■ What is being asked ■
Leave the pictures out. Retype exactly the lines below from the one containing "最近1年間で不安を感じた事件" through the one containing "AI智能体是指能够感知环境、", and no others.

■ Exercise data ■
==*==
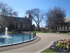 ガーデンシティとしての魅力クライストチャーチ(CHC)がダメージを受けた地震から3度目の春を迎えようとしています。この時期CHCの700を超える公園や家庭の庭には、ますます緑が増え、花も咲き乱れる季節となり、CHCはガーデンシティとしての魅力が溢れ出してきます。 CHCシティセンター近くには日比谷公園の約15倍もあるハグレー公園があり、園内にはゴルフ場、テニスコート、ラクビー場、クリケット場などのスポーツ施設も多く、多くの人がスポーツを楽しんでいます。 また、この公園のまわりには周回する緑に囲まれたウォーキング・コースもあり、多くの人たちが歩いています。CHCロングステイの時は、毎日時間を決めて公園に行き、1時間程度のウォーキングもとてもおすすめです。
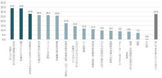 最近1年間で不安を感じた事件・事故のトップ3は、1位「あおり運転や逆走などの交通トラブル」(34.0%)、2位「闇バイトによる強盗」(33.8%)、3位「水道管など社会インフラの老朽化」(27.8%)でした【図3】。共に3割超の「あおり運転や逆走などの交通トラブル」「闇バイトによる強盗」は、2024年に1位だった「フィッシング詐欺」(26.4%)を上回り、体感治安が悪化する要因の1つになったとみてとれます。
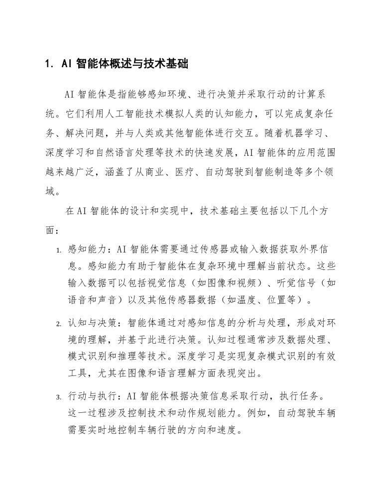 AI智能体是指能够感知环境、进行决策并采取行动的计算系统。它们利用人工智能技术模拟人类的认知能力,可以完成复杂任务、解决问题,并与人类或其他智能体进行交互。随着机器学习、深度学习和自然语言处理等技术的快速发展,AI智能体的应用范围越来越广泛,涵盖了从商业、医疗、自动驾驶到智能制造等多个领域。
==*==
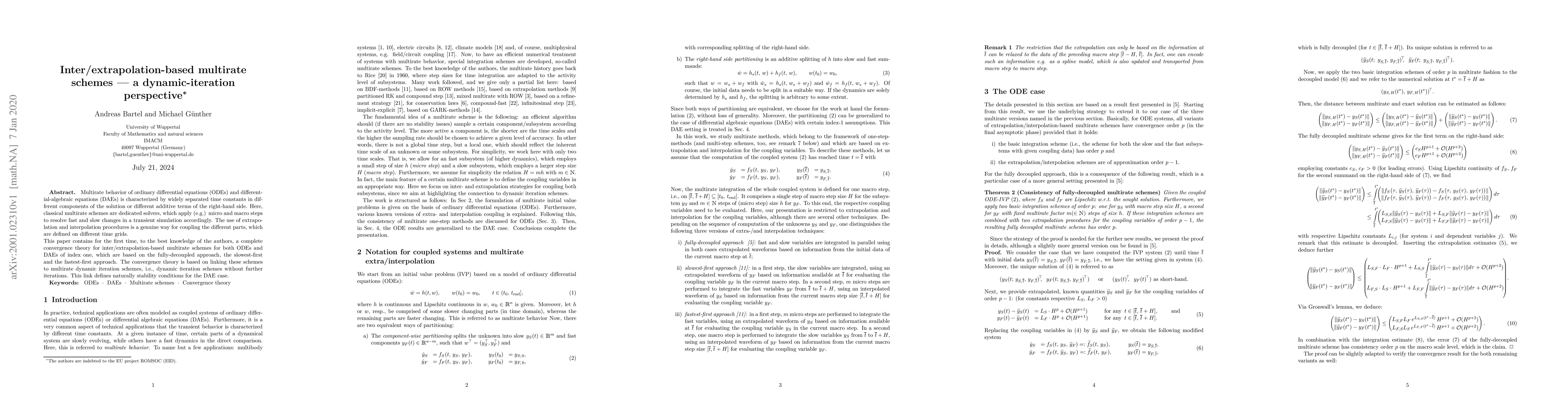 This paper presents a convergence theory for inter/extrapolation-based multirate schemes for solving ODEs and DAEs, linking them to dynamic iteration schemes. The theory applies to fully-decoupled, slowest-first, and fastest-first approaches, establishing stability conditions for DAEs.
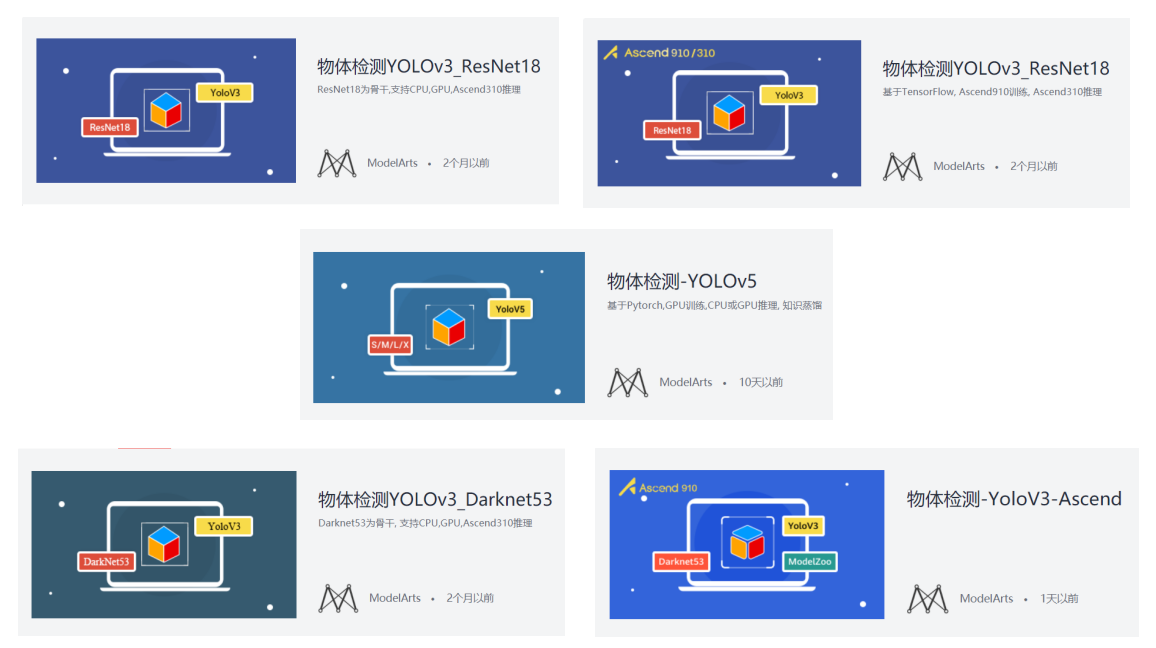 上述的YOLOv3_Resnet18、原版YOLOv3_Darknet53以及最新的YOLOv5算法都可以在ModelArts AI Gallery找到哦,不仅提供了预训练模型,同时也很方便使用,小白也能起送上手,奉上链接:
==*==
■ Answer space ■
 最近1年間で不安を感じた事件・事故のトップ3は、1位「あおり運転や逆走などの交通トラブル」(34.0%)、2位「闇バイトによる強盗」(33.8%)、3位「水道管など社会インフラの老朽化」(27.8%)でした【図3】。共に3割超の「あおり運転や逆走などの交通トラブル」「闇バイトによる強盗」は、2024年に1位だった「フィッシング詐欺」(26.4%)を上回り、体感治安が悪化する要因の1つになったとみてとれます。
 AI智能体是指能够感知环境、进行决策并采取行动的计算系统。它们利用人工智能技术模拟人类的认知能力,可以完成复杂任务、解决问题,并与人类或其他智能体进行交互。随着机器学习、深度学习和自然语言处理等技术的快速发展,AI智能体的应用范围越来越广泛,涵盖了从商业、医疗、自动驾驶到智能制造等多个领域。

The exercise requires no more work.